Am I bisexual or bicurious?
I think that I'm bisexual. I've never thought of myself feeling this way, but I do. My new friend has admitted to being bisexual although she knows that I've never been. Lately I've felt somewhat attracted to her. I've even had dreams about her, but I still find guys attractive. Would you consider me bisexual or bicurious?
We are often called to label ourselves as purely sexually inclined one way or the other, either to be attracted to guys or to girls only, end of story. But in actuality, most people fall somewhere on a spectrum of attraction, fantasy, desire, and action with people of all genders. The curiosity your friend has sparked in you could be just that — same-gender wonderings — or it could be the impetus for discovering that you are bisexual, and may be attracted to other women in the future.
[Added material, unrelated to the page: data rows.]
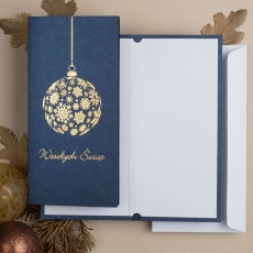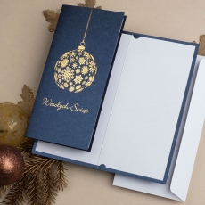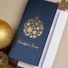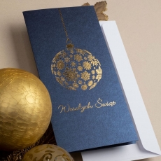 rozmiar: lub bardzo wysokiej jakości elegancki, klasyczny, matowy, barwiony w masie karton w kolorze Granatowym. (gramatura 300g). Kartka z najnowszej kolekcji świątecznej, ozdobiona została artystycznym ornamentem świątecznej bombki. Fantazyjny kształt bombki świątecznej wykonany został za pomocą złotej folii. Złocony Świąteczny napis Wesołych Świąt uzupełnia kompozycje Kartki. środek/wkładka (do nadruku treści/życzeń/logo): koperta (z paskiem samozaklejającym): Możliwość zamówienia zamiennie koperty ecru z paskiem samozaklejającym lub klejonej na mokro w kolorze złotym, srebrnym, eko, granatowym, zielonym, czerwonym. Ceny Kopert. sposób łączenia środka z okładką:
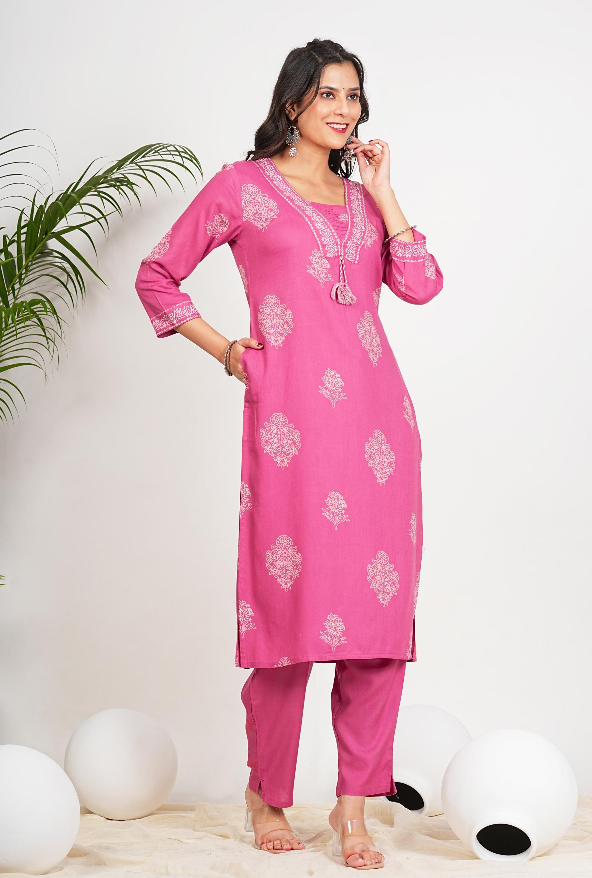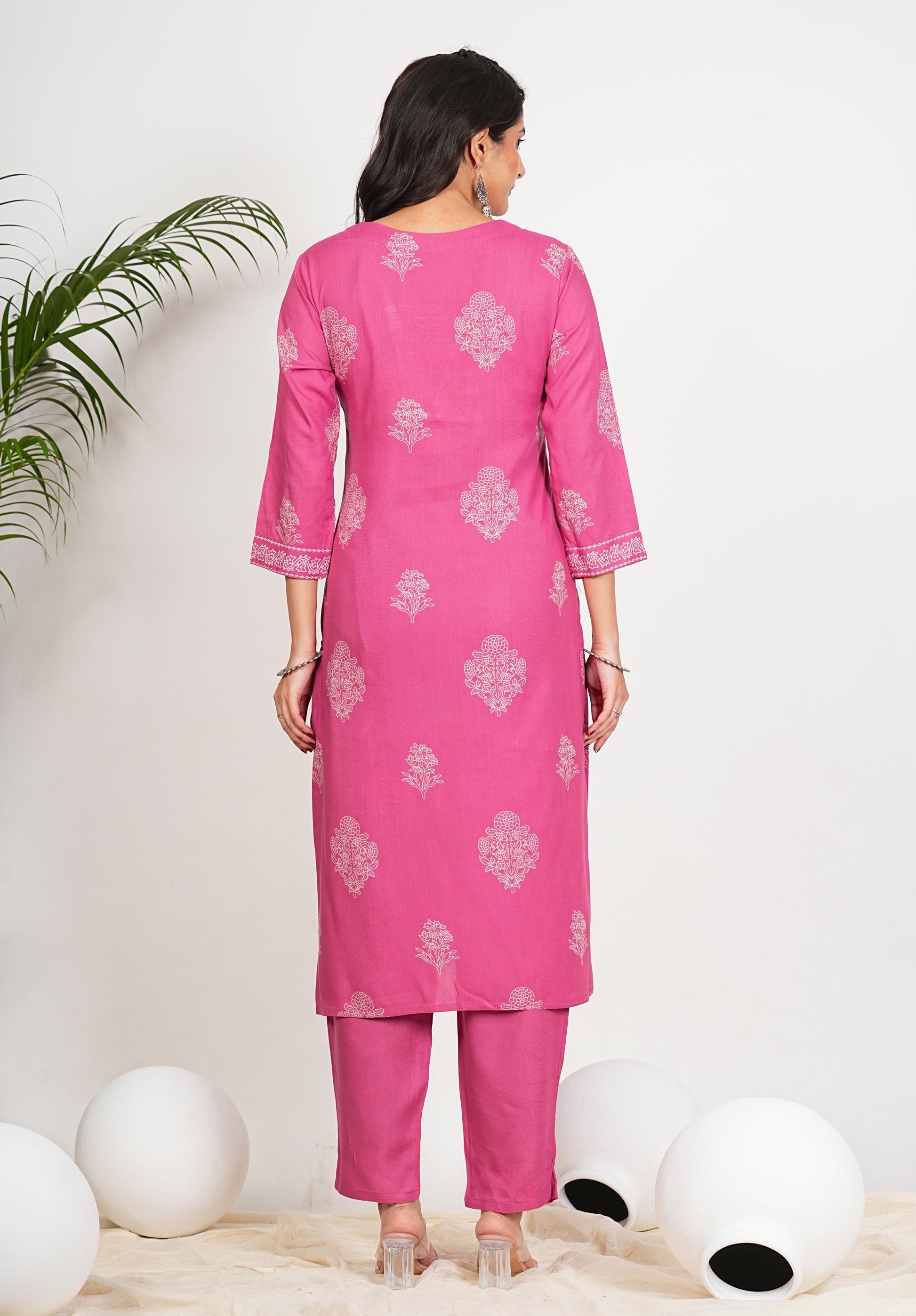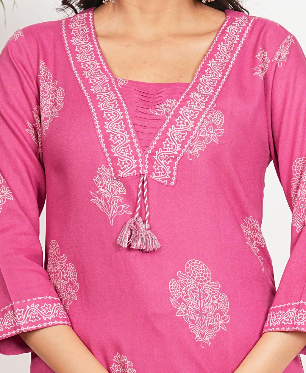 Add a pop of color to your wardrobe with this Pink Floral Print Kurta Set. Made of soft cotton, this set is comfortable for all-day wear. The straight cut and stitched design provide a flattering fit. Perfect for a casual outing or a special occasion, this kurta set is both versatile and stylish.
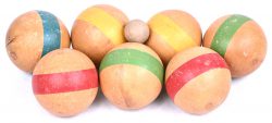 #195Een vintage set houten strandpetanqueballen, met cochonnette.

Your dreams about your friend fall well within the range of normal sexuality. Fantasies can be a powerful vehicle to discovering new facets and depths of your sexuality — some people feel ashamed of dreams or fantasies that do not fit into their waking lives or partners, but even taboo-feeling fantasies may teach us something about who we are attracted to and why.
The pioneering sex researcher Alfred Kinsey broke from popular thinking on sexuality in the 1950s, theorizing that bisexuality was in fact far more common than previously thought. Kinsey is perhaps most famous for his sexual-orientation scale, which represents exclusive heterosexuality with a zero and exclusive homosexuality with a six — bisexuality is regarded as an approximate three, when a person is equally attracted to or has had sexual experiences (including fantasies) with both men and women.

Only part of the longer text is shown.